Scott Wren, Senior Global Equity Strategist
Global equity markets have been fluctuating wildly in recent days (and recent hours). The S&P 500 Index has dropped 8% in just a matter of days. Are you fearful and seeking shelter, or assertively looking for opportunities? If you are like most investors who don’t manage other people’s money for a living, you have probably been sitting on more cash than you liked as the market rallied to one record high after another over the course of the last 18 months and the fundamental outlook improved. You might have even been underinvested in stocks over much of the last eight years of this monster run higher in the market. You have largely been skeptical.
But when opportunity knocks, as the old saying goes, you need to open the door. We are hearing that knock now, in our opinion. We have talked repeatedly over the years—and certainly during this rally—that investors, especially those underinvested in stocks, need to have a plan that will allow them to take advantage of pullbacks in the equity market. You don’t want to start thinking about a plan of action when the correction happens; you want to do it in advance. Preferably well in advance. Where are the holes in your portfolio? What are the most attractive sectors looking ahead given our economic expectations? How about just buying some broad exposure to the market?
We thought 2017 would offer at least one opportunity to take advantage of a 7% or 8% correction, but it never materialized as the market kept grinding higher throughout the year. Now we have an opportunity. The question is this: Do investors have a plan? If so, it is likely time to start executing that plan. In other words, we believe it’s time to pull the trigger and start stepping into stocks. But where? At what levels? One thing this strategist can tell you with a high degree of confidence is that I will not be able to pick the exact bottom. But my goal is to look for spots to buy that offer some level of technical support that traders are likely watching.
Technical support? You mean those lines drawn on price charts? Yes we are talking about those lines. And yes, we are a fundamentally focused research department, but when panic sets in and equity market volatility soars, you need to look past earnings projections and price/earnings (P/E) ratios. Over time, the fundamentals drive the market, but in the short term, anything can happen. Over the course of a cycle, the stock market, from time to time, becomes detached from the fundamentals. Traders often, if not daily, use technical analysis to pick their entry and exit spots in the short term. And right now, investors need to think a little more like traders.
For this strategist, the initial price level where the market may find support (levels at which our technical analysis anticipates buyers outnumbering sellers and prices stabilizing) is the range dictated by the 100- and 125-day moving average (simple price averages for the given number of trading days). At the time of this writing, that range falls roughly in the 2600 to 2630 level in the S&P 500. Frequently more important to traders is the 200-day moving average, which currently stands in the 2535 area.
For now, in this strategist’s opinion, investors need to be more nimble and lighter on their feet. Because for now, the traders are in control.

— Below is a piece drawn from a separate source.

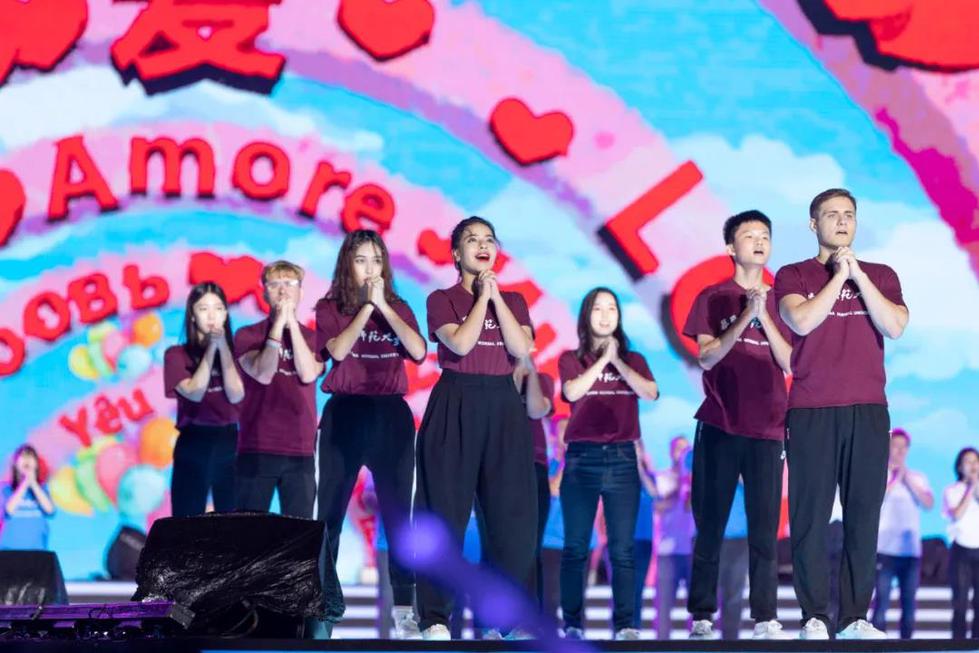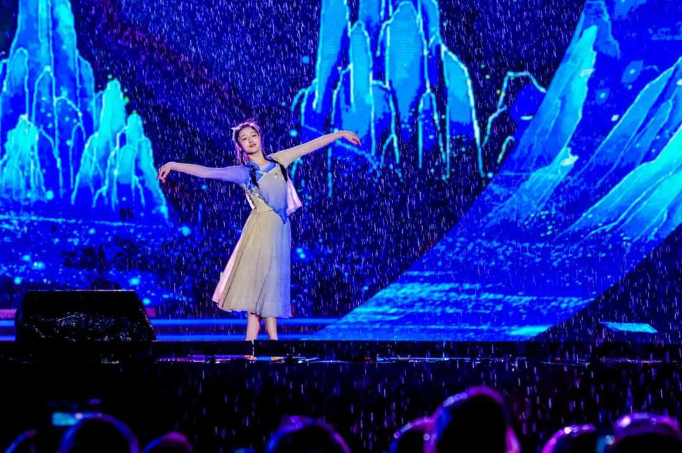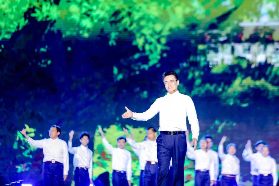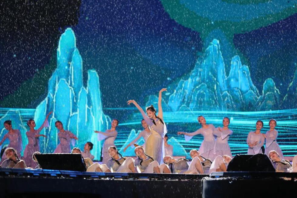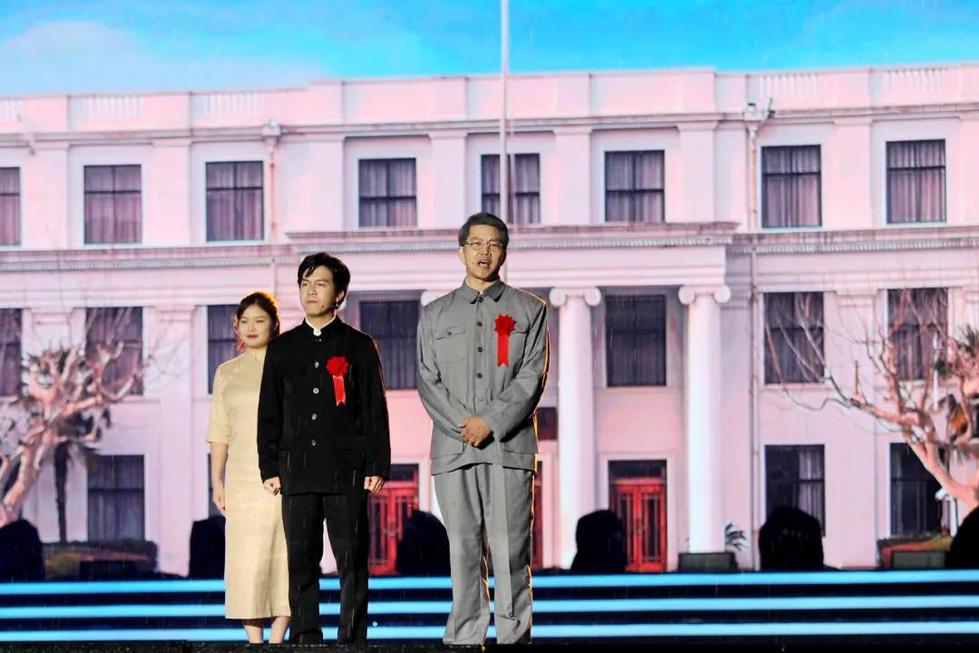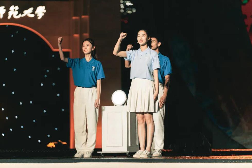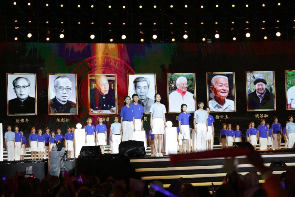 在“中流击水”“川流不息”“奔流向海”三个篇章中,以校友林海、赵梦然与学生杨晨、龙文萱为讲述人,千余名师生演员走心呈现了一场以音、画、诗、舞、歌结合的沉浸式演出。

Each asset class has its own risk and return characteristics. The level of risk associated with a particular investment or asset class generally correlates with the level of return the investment or asset class might achieve. Stock markets, especially foreign markets, are volatile. Stock values may fluctuate in response to general economic and market conditions, the prospects of individual companies, and industry sectors. Technical analysis is the practice of using recent and historic price performance to anticipate future price moves, which may increase the odds of successful entries into and exits out of different markets. There is no assurance that these movements or trends can or will be duplicated in the future.